Baseline Characteristics of Irritable Bowel Syndrome Subjects With and Without a History of Depressive and/or Anxiety Disordersa
| Characteristic | History of No History of Depressive and/or Anxiety Disorders (N = 26) | No History of Depression and/or Anxiety Disorders (N = 46) |
| Demographic variables | ||
| Male, N (%) | 3 (11.5) | 6 (13.0) |
| Female, N (%) | 23 (88.5) | 40 (87.0) |
| Age, mean (SD), y | 48.7 (8.8) | 49.1 (10.3) |
| Race, N (%) | ||
| White | 17 (65.4) | 37 (80.4) |
| African American | 9 (34.6) | 9 (19.6) |
| Rating scale scores, mean (SD) | ||
| CGI-S | 3.9 (0.3) | 3.9 (0.4) |
| Depression (BDI) | 6.7 (5.1) | 4.9 (4.6) |
| Anxiety (BAI) | 6.8 (5.7) | 5.5 (4.9) |
| Stress (PSS) | 26.8 (9.3) | 25.3 (10.3) |
| Pain (CPS) | 5.9 (5.2) | 5.6 (4.8) |
No statistically significant differences between groups.
Abbreviations: BAI = Beck Anxiety Inventory, BDI = Beck Depression Inventory, CGI-S = Clinical Global Impressions-Severity of Illness, CPS = Composite Pain Score, PSS = Perceived Stress Scale.
The average dosage of paroxetine CR was 31.6 ±6.8 mg (range, 12.5–50 mg) for subjects with a history of depressive and anxiety disorders and 32.8 ± 8.4 mg (range, 12.5–50 mg) for subjects without such a history.
History of Depressive and Anxiety Disorders as Predictor of Response
Primary outcome.
Multivariate logistic regression showed that treatment response as defined as a ≥ 25% reduction in CPS was not associated with history of depressive and/or anxiety disorders (OR = 0.58, 95% CI = 0.29 to 1.68, p = .32) or drug status (paroxetine CR) (OR = 1.26, CI = 0.68 to 3.21, p = .19).
There were no significant differences in the number of responders between subjects with (N = 11/26, 42.3%) or without (N = 22/46, 47.8%) history of depression and anxiety disorders (Fisher exact test, p = .48).
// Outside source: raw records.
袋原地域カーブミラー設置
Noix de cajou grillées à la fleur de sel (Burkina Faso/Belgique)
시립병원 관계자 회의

We also examined the proportion of responders in the drug and the placebo groups separately. There were no significant differences in subjects with or without history of depressive and/or anxiety disorders who responded to paroxetine CR (depression/anxiety history N = 7/14, 50.0% no history N = 12/22, 54.5%; Fisher exact test, p = .68) or to placebo (depression/anxiety history N = 5/12, 41.6%; no history N = 9/24, 37.5%; Fisher exact test, p = .37). Figures 2 and 3 summarize the distribution of history of depressive and anxiety disorders among responders and nonresponders in the paroxetine CR and placebo groups, respectively.
Figure 2.
Distribution of History of Depressive and/or Anxiety Disorders Among Responders and Nonresponders in the Paroxetine CR Group (N = 36)a
aTreatment response was defined as ≥ 25% reduction in Composite Pain Score to the end of treatment. Fisher exact test, p = .68.
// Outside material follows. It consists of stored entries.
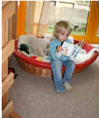
Ein Rückzugsort auf einem Podest mit direktem Blick nach draußen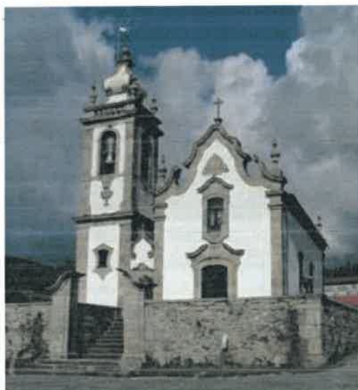
Figura 12 – Igreja Paroquial de Agualonga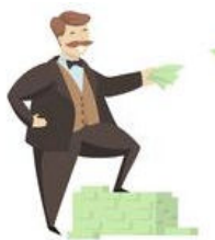
14. Le producteur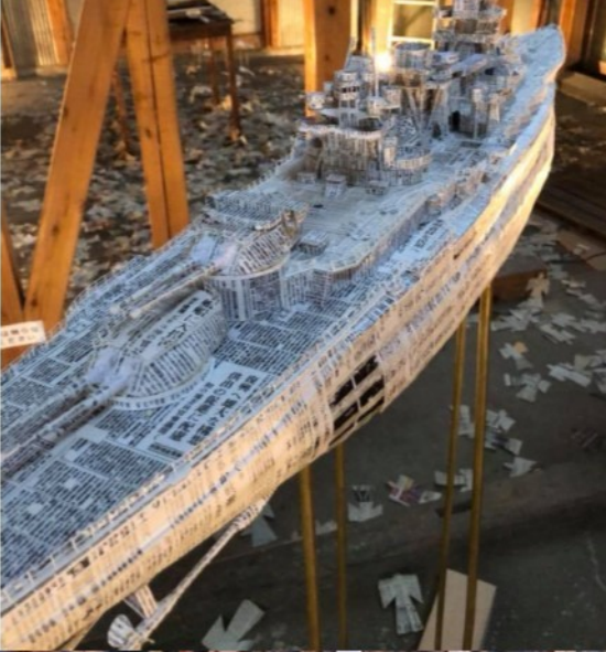
旧瀬戸たばこ店×現代アート展 「道行 ーみちきー」 足立篤史

Abbreviation: CR = controlled release.
Figure 3.
Distribution of History of Depressive and/or Anxiety Disorders Among Responders and Nonresponders in the Placebo Group (N = 36)a
aTreatment response was defined as ≥ 25% reduction in Composite Pain Score to the end of treatment. Fisher exact test, p = .37.
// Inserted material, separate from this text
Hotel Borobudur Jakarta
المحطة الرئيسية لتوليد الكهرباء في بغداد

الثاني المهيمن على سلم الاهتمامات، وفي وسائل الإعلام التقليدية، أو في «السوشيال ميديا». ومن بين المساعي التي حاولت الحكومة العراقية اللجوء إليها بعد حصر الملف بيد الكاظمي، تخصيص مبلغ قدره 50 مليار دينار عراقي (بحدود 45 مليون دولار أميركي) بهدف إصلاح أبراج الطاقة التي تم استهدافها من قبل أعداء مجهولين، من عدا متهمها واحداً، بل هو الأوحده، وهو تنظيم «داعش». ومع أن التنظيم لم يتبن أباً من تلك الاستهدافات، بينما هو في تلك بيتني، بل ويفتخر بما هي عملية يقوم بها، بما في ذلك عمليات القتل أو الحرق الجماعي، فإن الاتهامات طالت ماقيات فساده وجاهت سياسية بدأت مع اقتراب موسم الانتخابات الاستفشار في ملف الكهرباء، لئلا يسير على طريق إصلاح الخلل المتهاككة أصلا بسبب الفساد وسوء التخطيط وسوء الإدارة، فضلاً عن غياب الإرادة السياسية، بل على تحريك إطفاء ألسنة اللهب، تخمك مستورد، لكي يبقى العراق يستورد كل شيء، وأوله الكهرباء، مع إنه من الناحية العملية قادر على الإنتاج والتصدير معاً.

Average dosages of paroxetine CR between the responder/nonresponder groups were not significantly different in subjects with or without history of depression and anxiety (32.3 mg and 31.7 mg among responders and nonresponders in those with a history of depression and anxiety, respectively; 33.1 mg and 31.3 mg in the group without history of depression and anxiety, respectively).
Secondary outcomes.
On the secondary outcome of a CGI-I score of 1 or 2, logistic regression showed that history of depressive and anxiety disorders did not predict treatment response (OR = 0.51, CI = 0.24 to 1.46, p =.36), while the drug status (paroxetine CR) was significantly associated with treatment response (OR = 12.14, CI = 2.9 to 48.4, p < .001). The responder rate did not differ between subjects with (N = 13/26, 50.0%) or without history of depression/anxiety (N = 18/46, 39.1%; overall Fisher exact test, p = .18) when response was defined as a CGI-I score of 1 or 2 at the end of treatment. Similarly, there were no significant differences in the rates of depressive and anxiety disorders among responders and nonresponders defined on the basis of changes in CGI-S scores (response defined as a ≥ 1-point reduction in scores during treatment; p = .28).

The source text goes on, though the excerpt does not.